SUPPLIED MATERIAL.
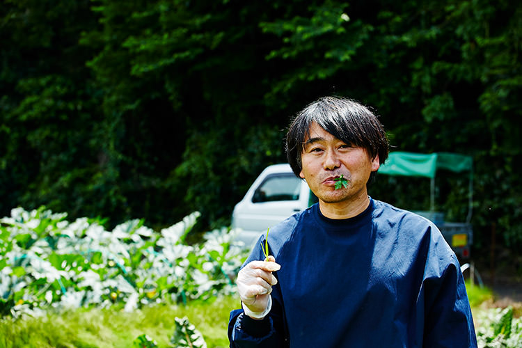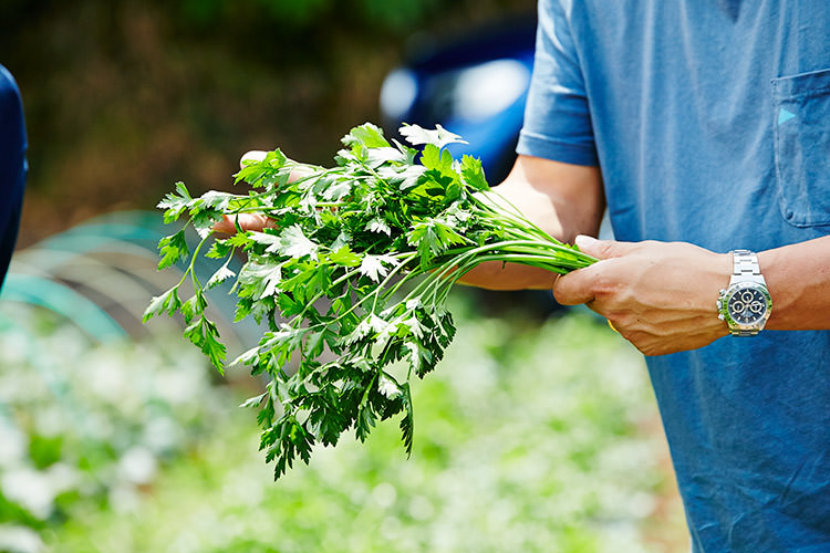 ちなみに通常「加藤野菜農園」の野菜は、さきほど通過した鎌倉駅徒歩3分の距離にある鎌倉市農協連即売所で売られている。地元の農家が協同で出店している直売所で、シェフから一般のお客さんまで気軽に鎌倉野菜や食材の買い物が楽しめるので、鎌倉にドライブに行った際は、是非立ち寄ってほしい。少し離れた畑に車で移動。竹やぶに囲まれた坂道を抜けると、緑美しい畑が広がり、お目当てのイタリアンパセリが実る場所まで案内してくれた。後ろを歩く土井地は、さながらシェ・パニーズのアリス・ウォーターのよう‥?
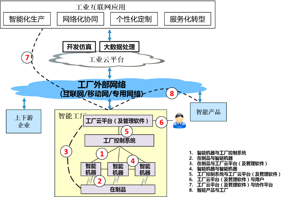 本方案在工業(yè)互聯(lián)網(wǎng)網(wǎng)絡(luò)體系架構(gòu)中,覆蓋智能機器與工廠控制系統(tǒng),工廠控制系統(tǒng)與工廠云平臺(及管理軟件)。詳見工業(yè)互聯(lián)網(wǎng)體系架構(gòu)圖中的1,5兩部分。
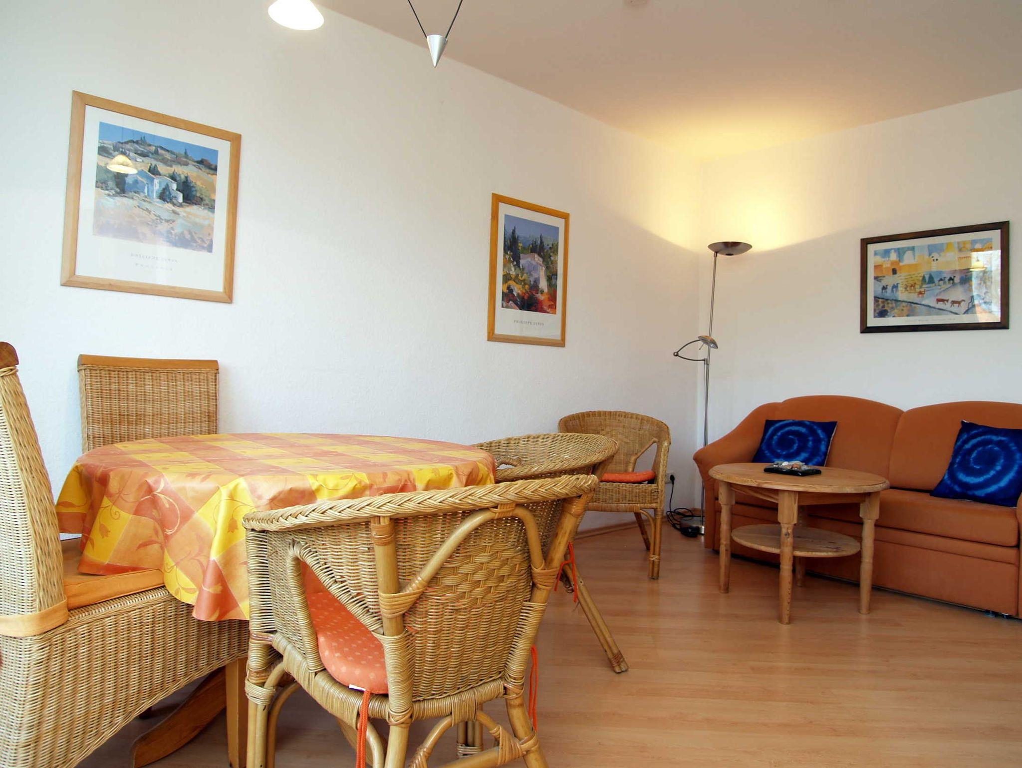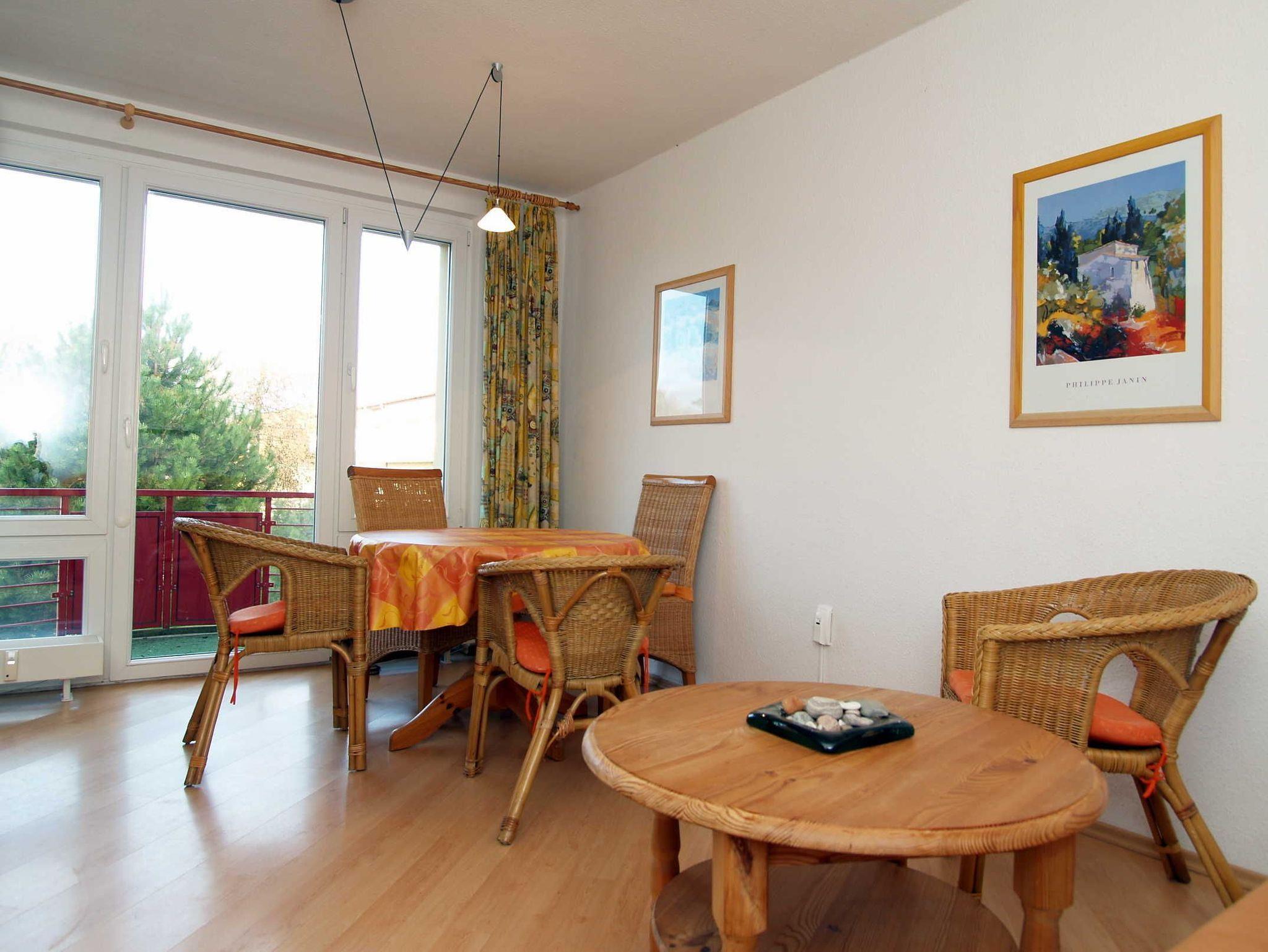 Herzlich willkommen in der Whg. Nr. 13 in der Residenz Dünengarten. Die hell und freundlich eingerichtete 2-Raum-Ferienwohnung befindet sich im 1. Obergeschoss des Hauses. Auf 48 qm Wohnfläche können hier 2 bis 4 Personen erholsame Urlaubstage genießen. Es empfangen Sie ein heller offener Wohn-und Essbereich mit einer Küchenzeile, ein Schlafzimmer, ein Duschbad sowie ein Balkon mit Ausrichtung nach Norden (Seeseite).

EXERCISE DESCRIPTION. A word-for-word retyping of the material above is expected, without pictures.

RESULT OF THIS TASK.
 ちなみに通常「加藤野菜農園」の野菜は、さきほど通過した鎌倉駅徒歩3分の距離にある鎌倉市農協連即売所で売られている。地元の農家が協同で出店している直売所で、シェフから一般のお客さんまで気軽に鎌倉野菜や食材の買い物が楽しめるので、鎌倉にドライブに行った際は、是非立ち寄ってほしい。少し離れた畑に車で移動。竹やぶに囲まれた坂道を抜けると、緑美しい畑が広がり、お目当てのイタリアンパセリが実る場所まで案内してくれた。後ろを歩く土井地は、さながらシェ・パニーズのアリス・ウォーターのよう‥?
 本方案在工業(yè)互聯(lián)網(wǎng)網(wǎng)絡(luò)體系架構(gòu)中,覆蓋智能機器與工廠控制系統(tǒng),工廠控制系統(tǒng)與工廠云平臺(及管理軟件)。詳見工業(yè)互聯(lián)網(wǎng)體系架構(gòu)圖中的1,5兩部分。
 Herzlich willkommen in der Whg. Nr. 13 in der Residenz Dünengarten. Die hell und freundlich eingerichtete 2-Raum-Ferienwohnung befindet sich im 1. Obergeschoss des Hauses. Auf 48 qm Wohnfläche können hier 2 bis 4 Personen erholsame Urlaubstage genießen. Es empfangen Sie ein heller offener Wohn-und Essbereich mit einer Küchenzeile, ein Schlafzimmer, ein Duschbad sowie ein Balkon mit Ausrichtung nach Norden (Seeseite).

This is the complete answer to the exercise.